Continuous enhancement of the take that developing countries, T&T included, receive from multinational corporations (MNCs) for utilisation of their mineral and other resources has been ongoing over the last 150 years.

Economists may contend that at a time such as the present, low and unstable international prices for commodities, and something of a glut in the international petroleum market do not place mineral-producing states in the strongest position possible to negotiate for a “better deal”.

It may very well be that in such circumstances, with continuous decline in what developing countries receive from the MNCs, a way has to be found to secure for raw-material-producing countries an increase in the revenue they receive for their populations, present and future.

As suggested in last week’s column regarding the decision of bpTT to “take its platform and go”—to have its Angelin platform fabricated abroad rather than right here in T&T, with the resultant loss of thousands of jobs and revenue for state and private companies—one way to ensure greater benefits come to the people of developing countries would be to bargain for decision-making shareholder partnerships with MNCs.

And why not?

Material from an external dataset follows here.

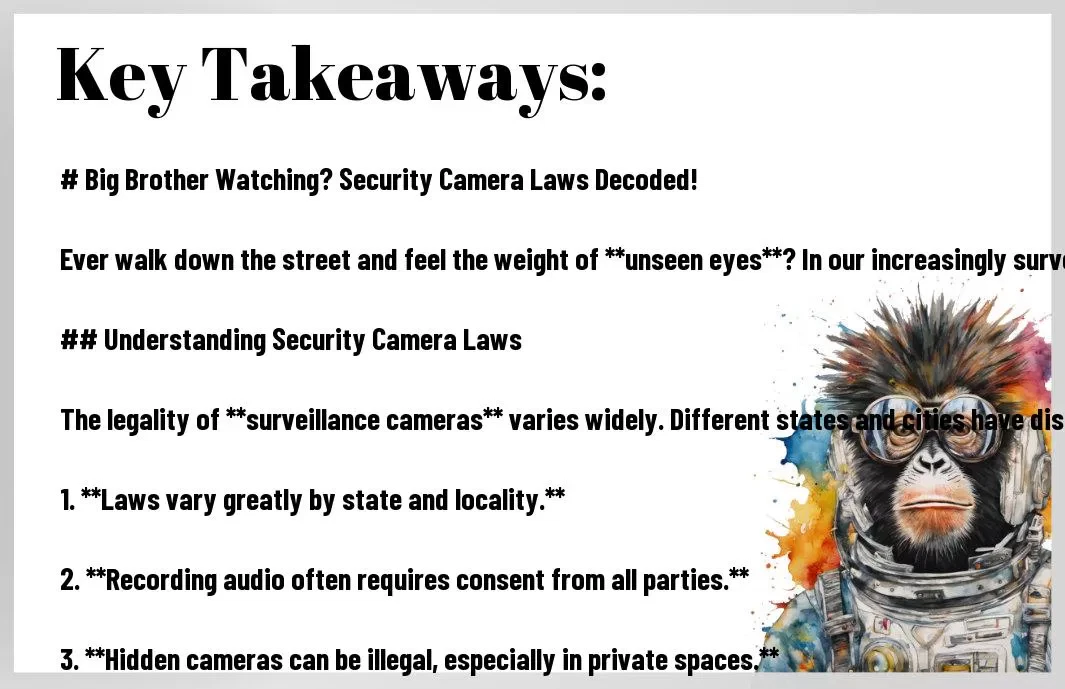 - Security camera laws vary by state and even city, making it crucial to understand local regulations to avoid legal issues.

Developing countries bring to the shareholder partnership the raw materials; a work force of skilled, semi-skilled and experienced workers; a physical and social infrastructure; and an environment which needs to be protected for the good of mankind. To this the MNCs add capital, markets, technology and know-how and a long history of exploitation of raw materials to create finished products with high value.

Neither of the shareholder partners can get the semi-finished and finished products to the market without bringing together their collective resources. A shareholder partnership as part of an institutional framework is one option for greater equity.

The industrial world has been in charge of the determination of prices and values placed on the two sets of resources and over the centuries far greater value has been allocated to the inputs of the MNC compared to the value of the source-country materials and services.

I am therefore advocating re-evaluation of the inputs into production to accord greater value to the resources developing countries bring to the bargaining table.

There is no better way to make a start to the needed re-evaluation than through transparency in the negotiations between the government, on behalf of the owners of the resources, the people, and the MNCs.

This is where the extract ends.